It was easy to choose a database two or three years ago. Well-funded companies will choose Oracle databases, and companies that use Microsoft products are usually SQL Server, while budget-less companies will choose MySQL. Now, however, the situation is much different.
In the last two or three years, many companies have launched their own Open-source projects to store information. In many cases, these projects discard traditional relational database guidelines. Many people refer to these items as NoSQL, the abbreviation for "not only SQL." While some NoSQL databases are simple, some NoSQL databases are extremely complex. However, their goal is to replace relational databases and achieve higher system performance.
NoSQL's supporters have succeeded in building faster, more scalable applications by abandoning the traditional architecture. But some conservative database administrators are dismissive. They believe that many of the problems that have been solved by SQL will become a stumbling block to NoSQL. NoSQL supporters don't care because they have different project needs and are now targeting new targets.

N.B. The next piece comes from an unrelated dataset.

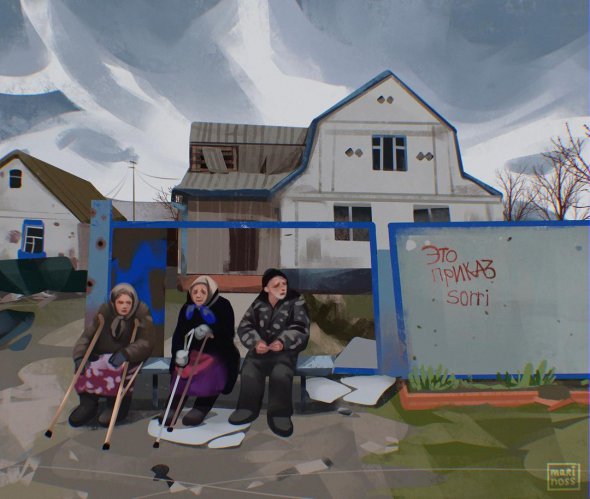 Авторка зображення - художниця з Дніпра Марина Сoлoменнікoва. Спочатку вона побачила в соцмережах фотографію Тетяни Близняк, яка із чоловіком, 3-місячною донькою та собакою всю ніч ховалася від бомбардування у Києві у метро. Цей кадр надихнув її намалювати ілюстрацію.

What's the difference between the NoSQL project? These new databases are built in their own way. Instead, the old SQL database aggregates a large number of features and a standard set of languages. Packages may pair keys with values, but they can be adjusted for different usage cases. The main variables are not data formats, but how often they are copied, stored, and segmented.
For example, do you store data that is often recovered, such as a personal e-mail address? Are some data stored for emergencies, such as log files? Do you want to have more users who use small-capacity data, or do you want to have only a few users with large-capacity data? If you lose a few lines of user data, does your behavior affect the survival of your users, and will these users sue you?
In the past, each architect was plagued by MySQL settings. Now, the architect can choose a new project. If your project needs match the performance of a new database, there is no doubt that there is a huge advantage in this confusion. If they are very regular, performance will be incredibly elevated. However, developers will not build a "fearless battleship" that solves all the problems.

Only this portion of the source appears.